Italy’s four largest cities — Rome, Milan, Naples and Turin — and more than 1,000 smaller centres held mayoral elections on Sunday and Monday, with a run-off due in two-weeks’ time in cities where no candidate reaches 50%.
Centre-left candidates are seen winning without the need for a run-off in the financial capital Milan, Naples and Bologna, according to the exit poll by Opinio Italia, a consortium of pollsters, for state broadcaster RAI.
The centre-left was favourite to sweep up in most of the cities, but the exit poll points to larger-than-expected margins of victory.
The outcome is a setback for Matteo Salvini and Giorgia Meloni, respective leaders of the rightist League and Brothers of Italy which dominate a conservative alliance that leads at national level, according to opinion polls.
However the rightist alliance, which includes Silvio Berlusconi’s Forza Italia, draws most of its support from small towns and villages.
Analysts say this makes it extremely risky to draw national conclusions from the mayoral elections.
Some 12 million Italians were eligible to vote out of an adult population of around 45 million.
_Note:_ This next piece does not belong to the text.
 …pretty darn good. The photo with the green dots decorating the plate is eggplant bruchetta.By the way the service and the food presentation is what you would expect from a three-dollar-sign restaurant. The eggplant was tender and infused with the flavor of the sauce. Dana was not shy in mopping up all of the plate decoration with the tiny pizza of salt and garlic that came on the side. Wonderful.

Centre-left incumbent Giuseppe Sala was estimated to win 54-58% in Milan, ahead of the centre-right candidate on 32-36%, giving him control of city hall without the need for a run-off on Oct 17-18.
In Rome, the right’s Enrico Michetti was seen on 27-31% of the vote, virtually neck-and-neck with the centre-left’s Roberto Gualtieri, a former Economy Minister from the Democratic Party, on 26.5-30.5%.
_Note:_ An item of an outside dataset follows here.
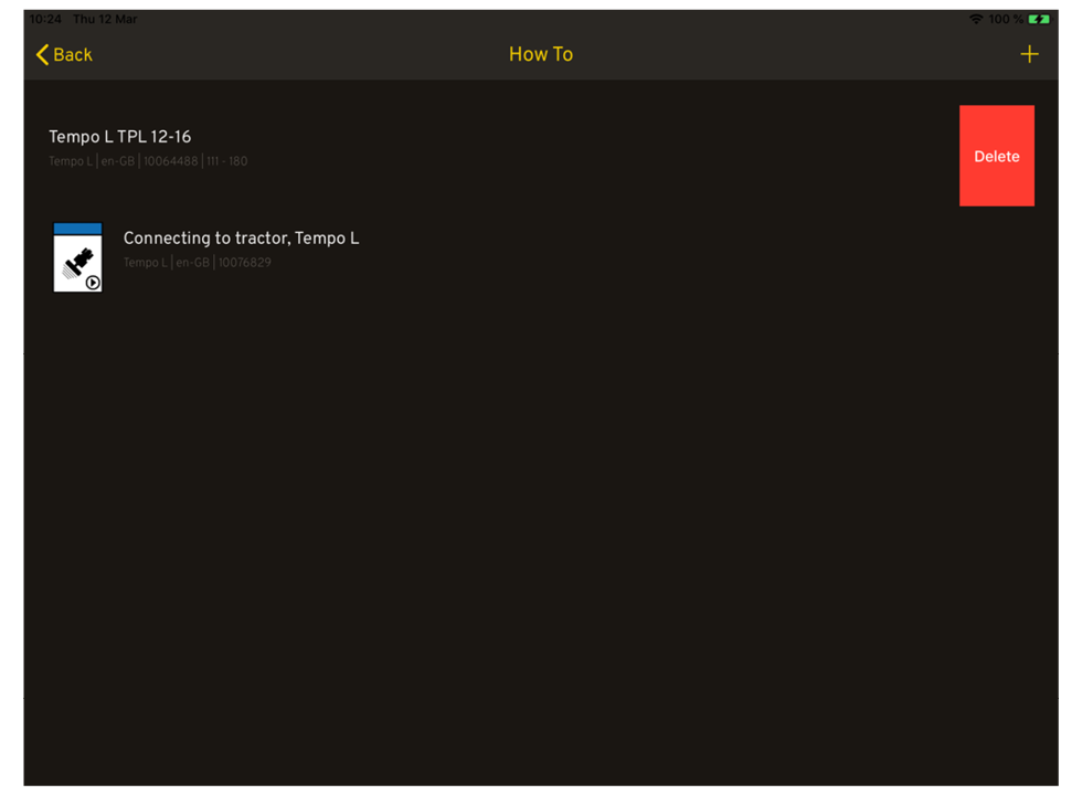 To delete instructions or a video. Swipe to the left of the instruction or video you want to delete and press Delete.

However, Gualtieri is hot favourite to win the run off, when he is expected to take most of the votes of the candidates defeated in the first round, Raggi and Carlo Calenda, an independent centrist, who were paired on 16.5-20.5%.
In Naples the centre-left’s Gaetano Manfredi, a former minister backed by the PD and 5-Star, is seen winning easily in the first round, while in Turin the centre-left candidate has a clear lead but will probably need to go to the run-off.
In a consolation for the right, it was seen easily winning a regional election in southern Calabria.